EXERCISE GOAL:
Retype the following data exactly, but leave its pictures out.

PROVIDED MATERIAL:
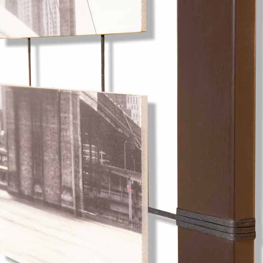 Modern design wall painting with dark brown lacquered wooden frame and ten MDF panels. The hanging panels are hand decorated.
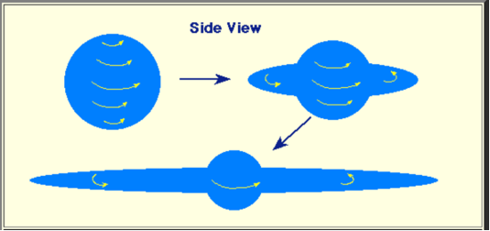 Consequently there comes a point where collapse in the plane perpendicular to the rotation axis is halted. No such effects halt collapse parallel to the rotation axis. Consequently, an initially spherical core will collapse and form a centrifugally supported disc.
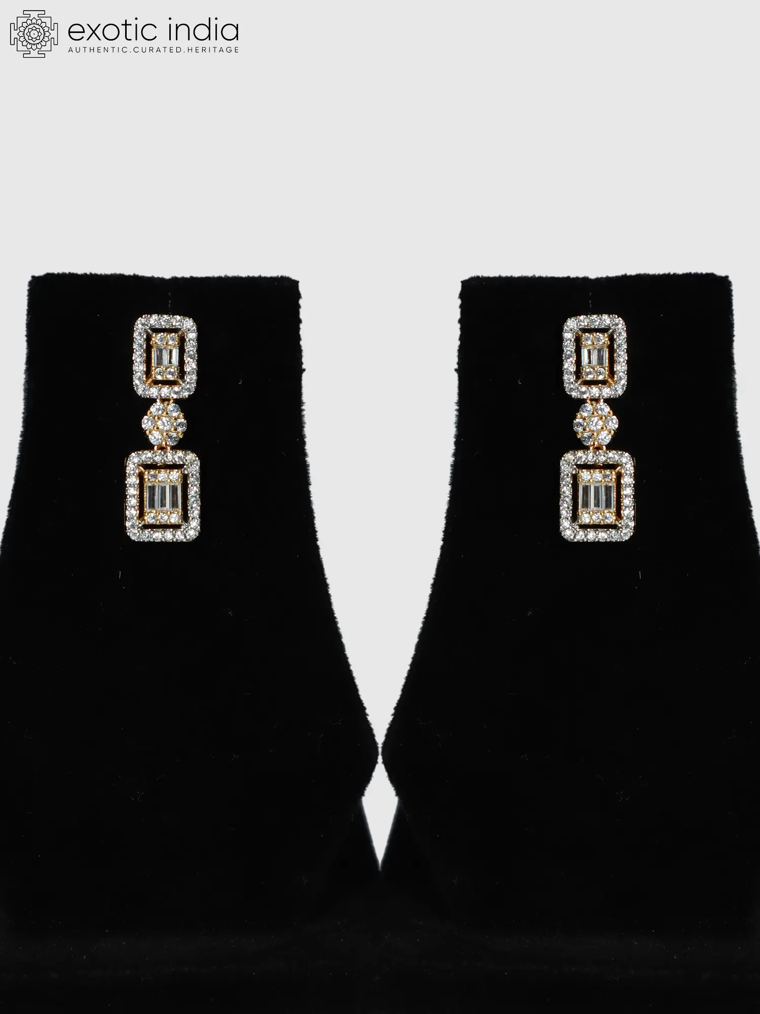 Gold-Tone Stone Studded Elegant American Diamond Necklace Set With Earrings

EXERCISE RESPONSE:
 Modern design wall painting with dark brown lacquered wooden frame and ten MDF panels. The hanging panels are hand decorated.
 Consequently there comes a point where collapse in the plane perpendicular to the rotation axis is halted. No such effects halt collapse parallel to the rotation axis. Consequently, an initially spherical core will collapse and form a centrifugally supported disc.
 Gold-Tone Stone Studded Elegant American Diamond Necklace Set With Earrings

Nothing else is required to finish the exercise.